На этом, пожалуй, закончим наш портрет, со­стоящий как бы из двух неравных половин. Первая, большая, посвящена тому огромному творческому по­тенциалу, который заключен в «Вишневом саде» и ко­торый стимулирует сегодня его сценическую жизнь. Вторая, меньшая, — тем процессам, которые тормо­зят движение пьесы из прошлого в будущее.

Конечно, многое осталось за пределами порт­рета, за рамой. Наверное, и невозможно собрать в одном портрете, даже коллективном, весь мир обра­зов «Вишневого сада», и тех, которые живут сегодня в чеховских спектаклях, и тех, которые умирают в них: образы толпятся, теснятся, загораживают один другого, оказываются на дальнем плане, вне поля зрения...

Трудно представить себе, каких размеров дол­жен быть тот холст, который мог бы вместить всех этих молодых и старых лакеев, глупых и умных гор­ничных, юных девушек и старых дев, преуспевающих образованных и необразованных купцов, разоряющих­ся гордых и жалких дворян, чудаковатых и потерян­ных полугувернанток, бессмысленных конторщи­ков, гостей, слуг, случайных и неслучайных пьяных прохожих, вечных студентов, выступающих против несправедливости и лжи.

Все эти чеховские персонажи, возможно, ни­когда бы и не оказались в одной пьесе, если бы не огромной силы магнит, притягивающий их, то объе­диняющий, то разъединяющий, но удерживающий в одном силовом поле драмы. Речь идет о лирическом герое пьесы — о Вишневом саде.

Вишневый сад... Неодушевленный, но одухотворенный обитателями его, безмолвный, но красноречивый, земной и возвышенный, гибнущий и вечно живой, неразрывно связанный с самой приро­дой, с жизнью на земле, ее прошлым и будущим. За ним в пьесе — и невозвратимое прошлое, и влеку­щее, хоть и неблизкое будущее, ради которого стоит жить, страдать, бороться и даже умирать. Ради ко­торого стоит вновь и вновь обращаться к чеховскому «Вишневому саду».

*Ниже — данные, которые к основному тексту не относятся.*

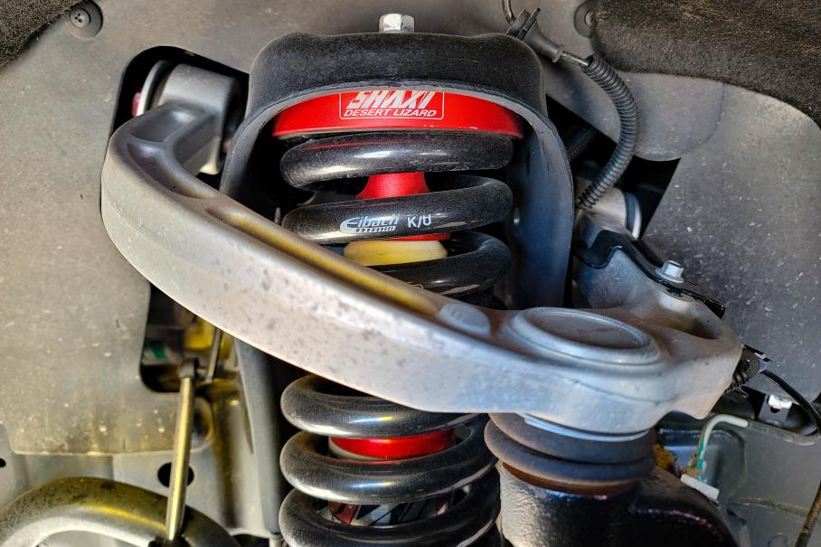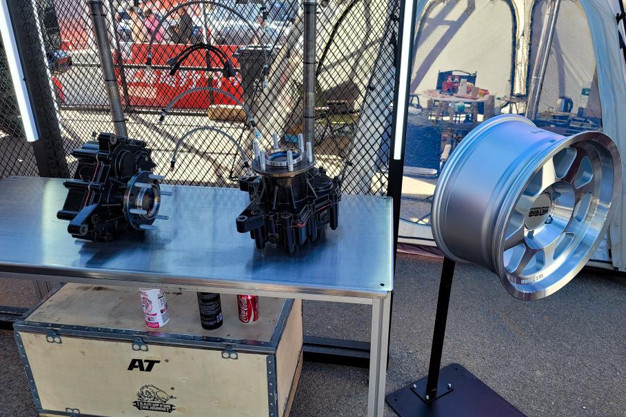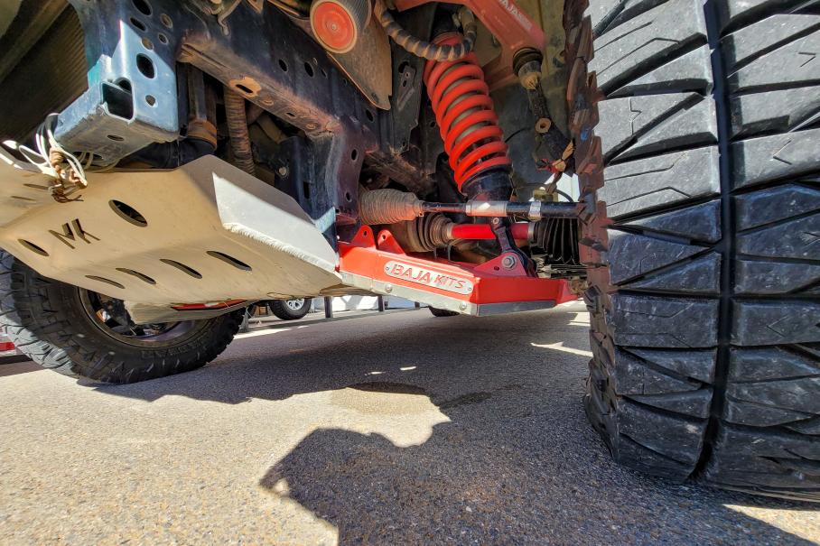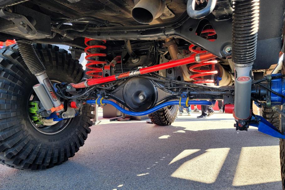 Поэтому я даже не смог выяснить характеристики самого сумасшедшего лифт-проекта всего фестиваля! Прикреплённый к Танку на огромных 42-х «Трепадорах» специалист мог объясняться с иностранцами только жестами. Поэтому предлагаю вместе рассмотреть фотографии в галерее выше, на которых можно увидеть портальные редукторы, довольно дикий угол излома передних приводов, амортизаторы с выносными резервуарами (сзади — по два на колесо, один с бачком и один обычный), мощные кованые рычаги.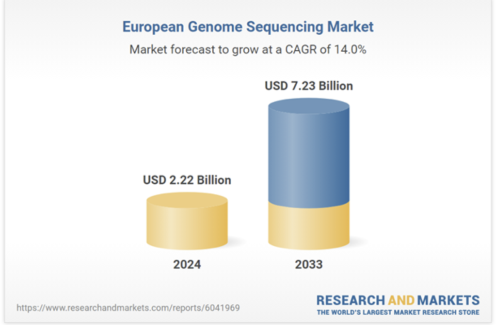 Accelerarea inițiativelor din domeniul geneticii este vizibilă și în dinamica industriei. În anul 2024, piața europeană de secvențiere genetică era evaluată la 2,2 de miliarde de dolari, fiind preconizată să ajungă la 7,2 miliarde de dolari până în 2033.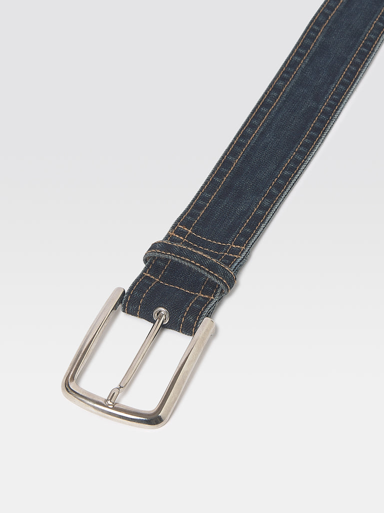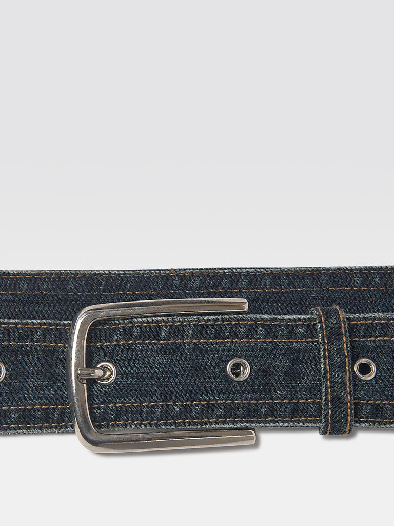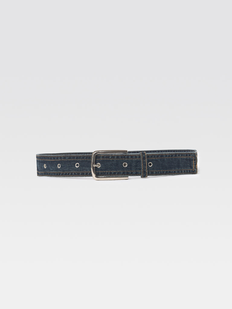 Navy denim belt. Designed with a silver-tone metal buckle and reinforced metallic eyelets. Features a structured silhouette with a washed finish, perfect for women and men.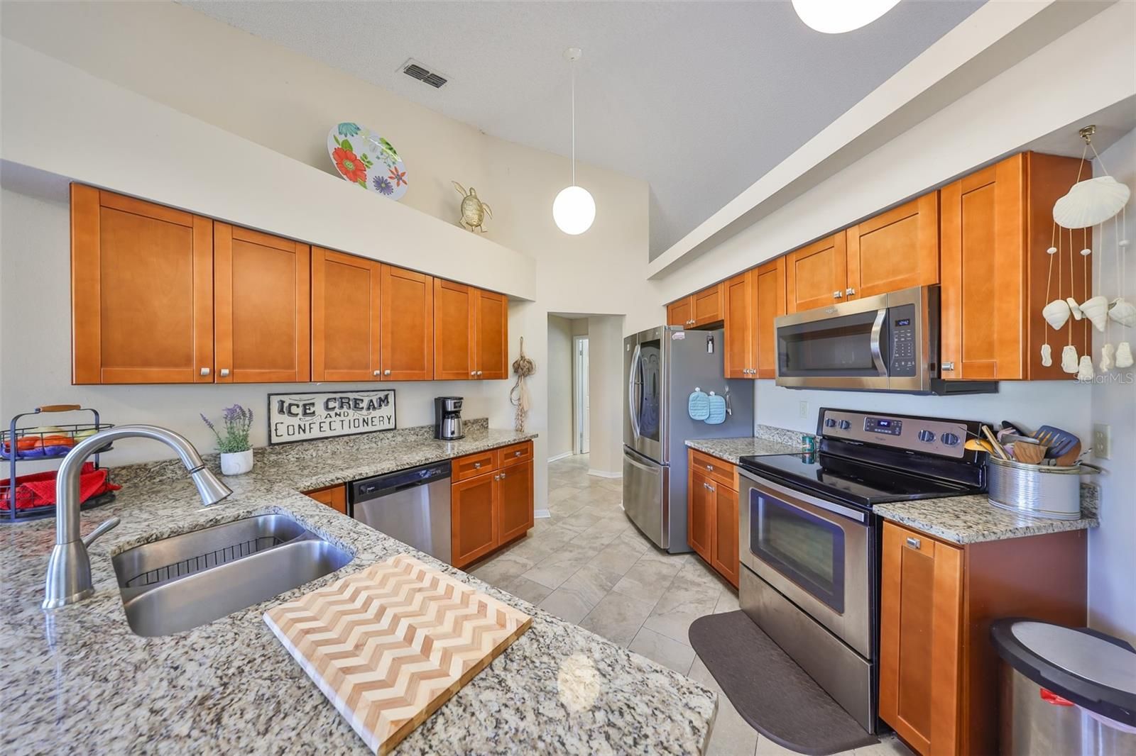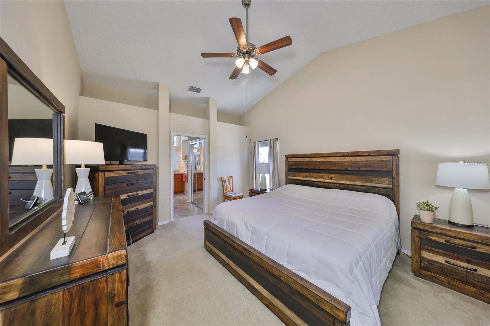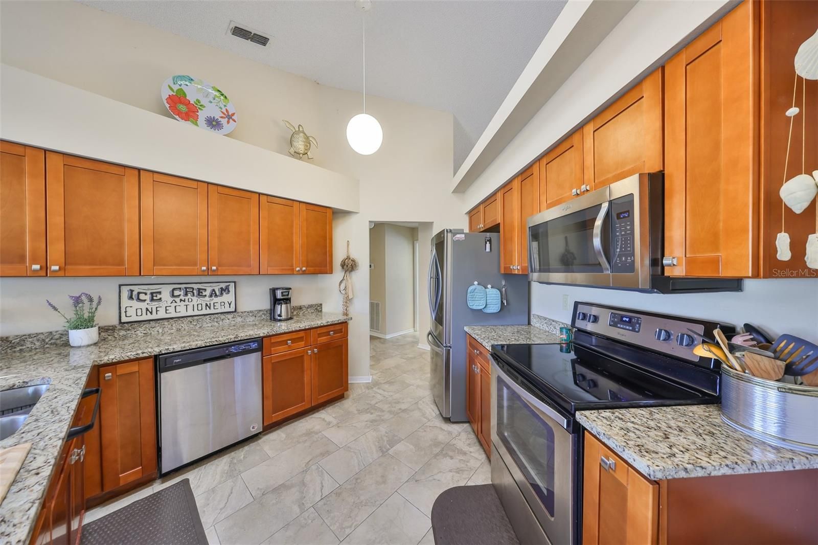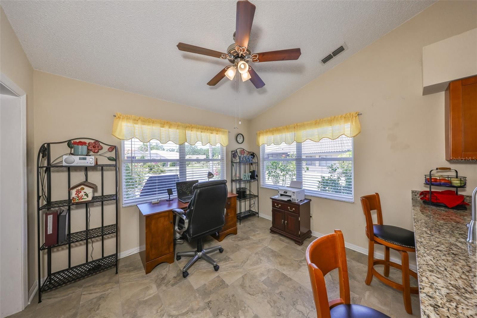- Cathedral Ceiling(s), Ceiling Fan(s), Eat-in Kitchen, High Ceilings, Living/Dining Room, Main Level Primary, Split Bedrooms, Stone Counters, Thermostat, Vaulted Ceiling(s), Window Treatments

В тяжелое историческое время смены идеалов Чехов выдвигает идеал на все времена. В пьесе, ко­торая может служить наглядным пособием для де­монстрации такого закона диалектики, как отрицание отрицания, Чехов негативному восприятию жизни противопоставляет на первый взгляд идеалистичный, а на самом деле реальный и живой позитивный иде­ал, имя которому — Прекрасное, имя которому — Жизнь.